* Your goal: Pictures excluded, output the lines of the data below between the one holding "Women's - Star" and the one holding "Чтобы исполнить кухню", inclusive, exactly as they stand.

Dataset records
----
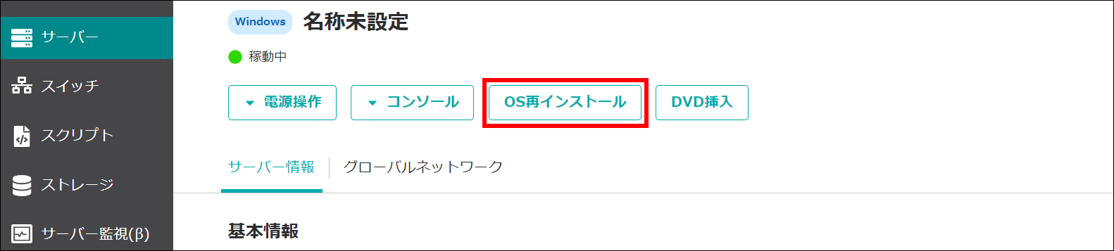 コントロールパネル上でOSの再インストール、および他のバージョンのOSインストールが可能です。
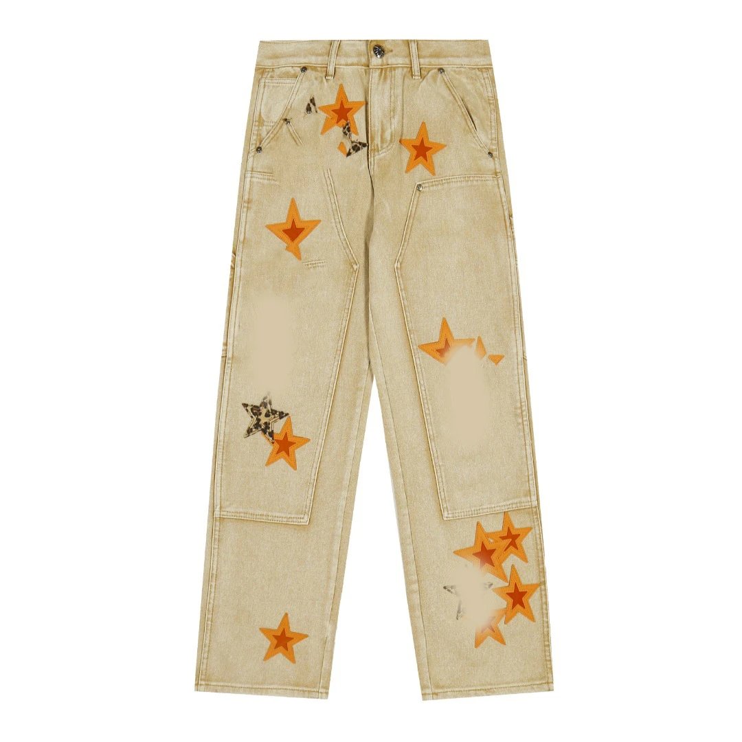 Trendy Broken Planet Embroidered Cross Straight Leg Jeans for Spring/Summer Street Fashion
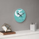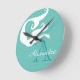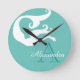 Designed by Sandy Closs part of the ocean-themed decor. Personalized with name monogram White mermaid on Aqua Teal blue Round Clock.
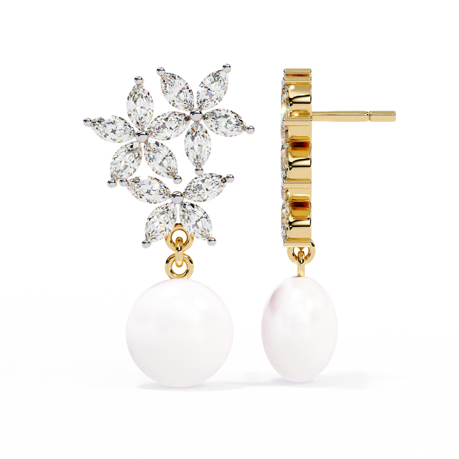 LGD Ear Studs Marquise Stone (2.40ct Pair ) In 14K Gold
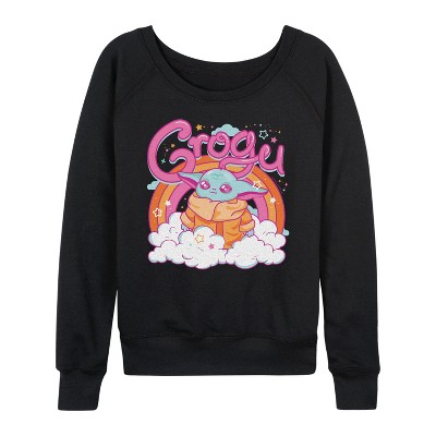 Women's - Star Wars - The Mandalorian Grogu Star Wars Lightweight French Terry Wide Neck Long Sleeve Graphic Shirt
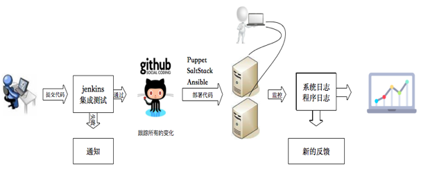通过技术工具,把传统的手工操作转变为自动化流程,这不仅有利于提高产品开发、运维部署的效率,还将减少人为因素引起的失误和事故,提早发现问题并及时地解决问题,这样也保证了产品的质量。下图展示了DevOps自动化的流程:
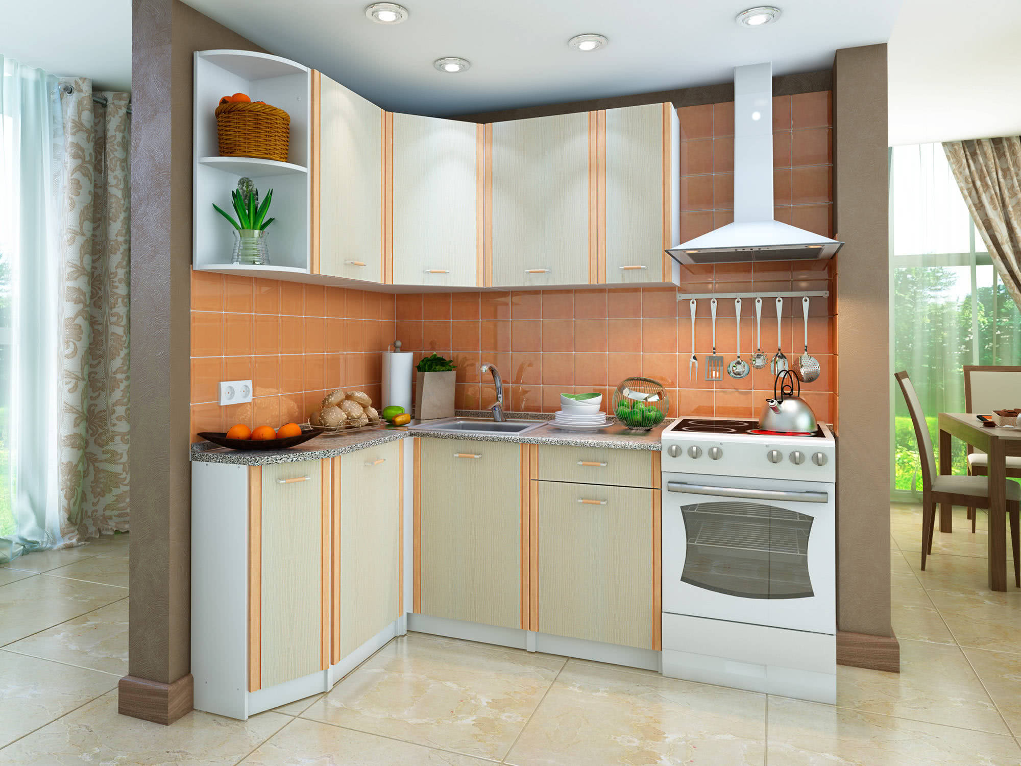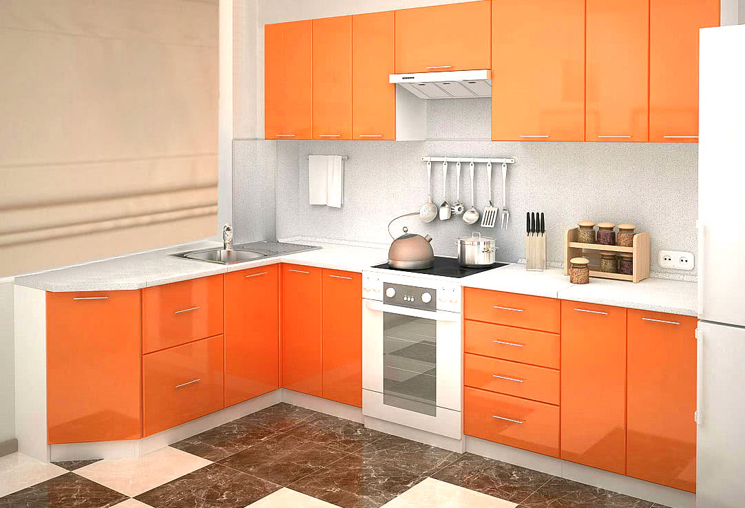 Чтобы исполнить кухню в таком варианте, не нужно обладать огромной площадью! При грамотном подходе, угловая кухня отлично впишется даже в крошечный пятачок «хрущевки».
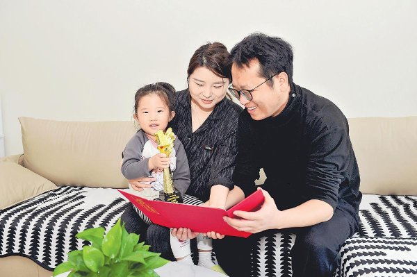 “我認(rèn)識(shí)這個(gè)圖案,是1。爸爸,你真棒!”兩歲的女兒偎在張通懷里,指著獎(jiǎng)杯開(kāi)心地說(shuō)。
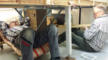 Nach dem Fahrtag im September wurde nach intensiver Planung das Untergestell für die Bahnhofssegmente Rheinhausen von "störendem Tragwerk" bei Arbeiten unter der Anlage bereinigt und neu mit versetzten Querstreben und Bodenstützen ausgestattet. Damit sind jetzt ohne Mühe und "Verrenkungen" Arbeiten unterhalb der Segmente möglich. Für die ehemaligen Messemodule der rückführenden Strecke zum Schattenbahnhof schlossen sich die gleichen Arbeiten an.
----
* Task output:
 Women's - Star Wars - The Mandalorian Grogu Star Wars Lightweight French Terry Wide Neck Long Sleeve Graphic Shirt
通过技术工具,把传统的手工操作转变为自动化流程,这不仅有利于提高产品开发、运维部署的效率,还将减少人为因素引起的失误和事故,提早发现问题并及时地解决问题,这样也保证了产品的质量。下图展示了DevOps自动化的流程:
 Чтобы исполнить кухню в таком варианте, не нужно обладать огромной площадью! При грамотном подходе, угловая кухня отлично впишется даже в крошечный пятачок «хрущевки».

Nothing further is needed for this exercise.